3. En deuxième lieu, après avoir souverainement constaté que la présence de branchages, fientes d'oiseaux et poussières sur la surface des dômes de la cathédrale, qui ont pu constituer un terrain propice au développement du feu, était habituelle sur un monument de ce type, visible et prévisible pour les professionnels chargés de travaux de zinguerie, et que la cause du sinistre était entièrement imputable à l'entreprise Astier chargée de ces travaux, la cour administrative d'appel de Nancy n'a pas inexactement qualifié les faits en estimant que la ville de Reims n'avait pas manqué à son obligation d'entretien normal de l'ouvrage et en l'exonérant en conséquence de toute responsabilité dans le sinistre survenu le 18 avril 2012 sur la toiture de la basilique Sainte-Clothilde.

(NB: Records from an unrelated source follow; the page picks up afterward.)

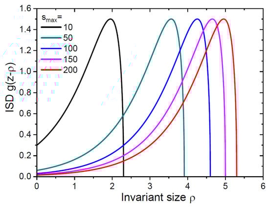 Figure 2. Continuum ISD over invariant size ρ   at different s m a x shown in the legend. Curves are obtained from Equation (33) at α = 3 and different z = l n s m a x .
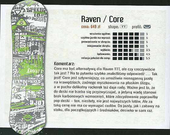Mój znajomy jeździ na modelu Raven sprzed 3 sezonów - model chyba nazywa się Sin. Poradził mi, żeby kupić Raven Core i jestem bardzo zadowolony. W porównaniu do deski Sin jest dużo lżejszy i wygląda na znacznie lepiej wykończony. Polecam wszystkim niezdecydowanym.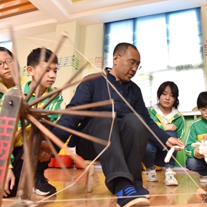 4月7日,威縣土布紡織技藝傳承人高慶海在威縣第四小學(xué)向?qū)W生演示老粗布紡織技藝。近年來,河北省邢臺市威縣積極開展“非遺傳承進(jìn)校園”活動,將當(dāng)?shù)靥厣沁z項(xiàng)目引入學(xué)校課堂,讓學(xué)生近距離感受民間傳統(tǒng)技藝的魅力,促進(jìn)非遺文化的保護(hù)和傳承。新華社記者 朱旭東 攝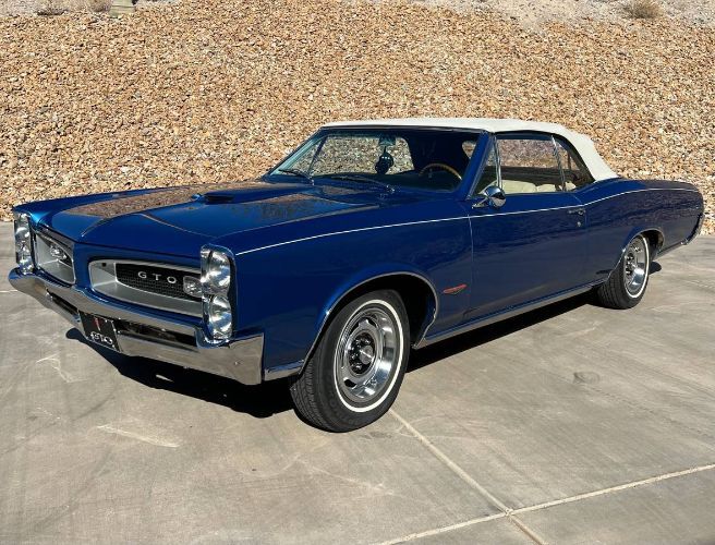 1966 Pontiac GTO Convertible This 1966 Pontiac GTO Convertible is a true classic, equipped with the period-correct 389 Tri-Power V8 engine and a 4-speed manual transmission for an authentic driving experience. It features power steering, power drum brakes, and a brand-new vinyl parchment interior, along with seat belts for added safety. The white power top complements the cars stunning appearance, while the 215/70R14 tires provide a smooth ride. The engine compartment shines with plenty of chrome, giving it a polished, attention-grabbing look. The car is finished in its factory color, "Barrier Blue," and boasts a Dakota Digital Dash, Vintage A/C, and Halogen headlamps with LED tail lamps for a mix of classic style and modern upgrades. For entertainment, it comes equipped with a Custom Autosound USA 230 AM-FM radio and SiriusXM Satellite Radio. This "66" GTO is a beautifully preserved, real-deal Goat with no major modificationsjust a gorgeous example of muscle car history that commands attention on the road. Located in Lake Havasu, AZ 86403 For more information, please call 833-265-6113 and mention ID 97885

4. En troisième lieu, en l'absence de stipulations contraires, les entreprises qui se sont engagées conjointement et solidairement envers le maître de l'ouvrage à réaliser une opération de construction s'obligent conjointement et solidairement non seulement à exécuter les travaux, mais également à réparer le préjudice subi par le maître de l'ouvrage du fait de manquements dans l'exécution de leurs obligations contractuelles. Un constructeur ne peut échapper à sa responsabilité conjointe et solidaire avec les autres entreprises co-contractantes, au motif qu'il n'a pas réellement participé aux travaux révélant un tel manquement, que si une convention, à laquelle le maître de l'ouvrage est partie, fixe la part qui lui revient dans l'exécution des travaux.

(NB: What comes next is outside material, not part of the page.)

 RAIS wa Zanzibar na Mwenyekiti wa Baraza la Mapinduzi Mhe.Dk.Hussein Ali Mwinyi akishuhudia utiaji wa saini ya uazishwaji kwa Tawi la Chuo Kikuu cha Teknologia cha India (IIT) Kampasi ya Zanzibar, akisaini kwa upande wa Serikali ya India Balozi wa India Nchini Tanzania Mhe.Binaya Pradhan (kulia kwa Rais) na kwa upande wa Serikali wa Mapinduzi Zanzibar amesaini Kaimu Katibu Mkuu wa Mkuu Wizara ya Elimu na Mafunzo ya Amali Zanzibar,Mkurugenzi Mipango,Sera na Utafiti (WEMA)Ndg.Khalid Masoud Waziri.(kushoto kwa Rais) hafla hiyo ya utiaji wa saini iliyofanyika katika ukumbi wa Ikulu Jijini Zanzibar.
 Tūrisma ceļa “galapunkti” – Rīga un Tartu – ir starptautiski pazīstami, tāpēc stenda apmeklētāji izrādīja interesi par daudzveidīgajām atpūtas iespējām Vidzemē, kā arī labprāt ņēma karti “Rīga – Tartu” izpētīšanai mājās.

5. Il ressort des énonciations de l'arrêt attaqué que, pour établir la condamnation solidaire des sociétés Gayet, Vitoux et Astier Victor, la cour administrative d'appel de Nancy s'est fondée sur les circonstances, d'une part, que l'acte d'engagement conclu le 14 décembre 2009 entre la ville de Reims et ces trois entreprises constituées en groupement ne prévoyait pas de répartition des tâches entre elles, d'autre part, que leur paiement individualisé ne révélait aucune intention de la ville de Reims de renoncer à la clause de solidarité entre elles, enfin, que le mémoire technique présenté par les sociétés attributaires prévoyait une répartition " purement indicative " des travaux selon un critère géographique. Par suite, les requérantes ne sont pas fondées à soutenir que la cour administrative d'appel de Nancy aurait commis une erreur de droit en condamnant les trois entreprises à indemniser la SMACL solidairement à raison du sinistre engageant la responsabilité de leur groupement, alors même que les pièces contractuelles faisaient état d'une répartition géographique et matérielle des tâches au sein de ce groupement.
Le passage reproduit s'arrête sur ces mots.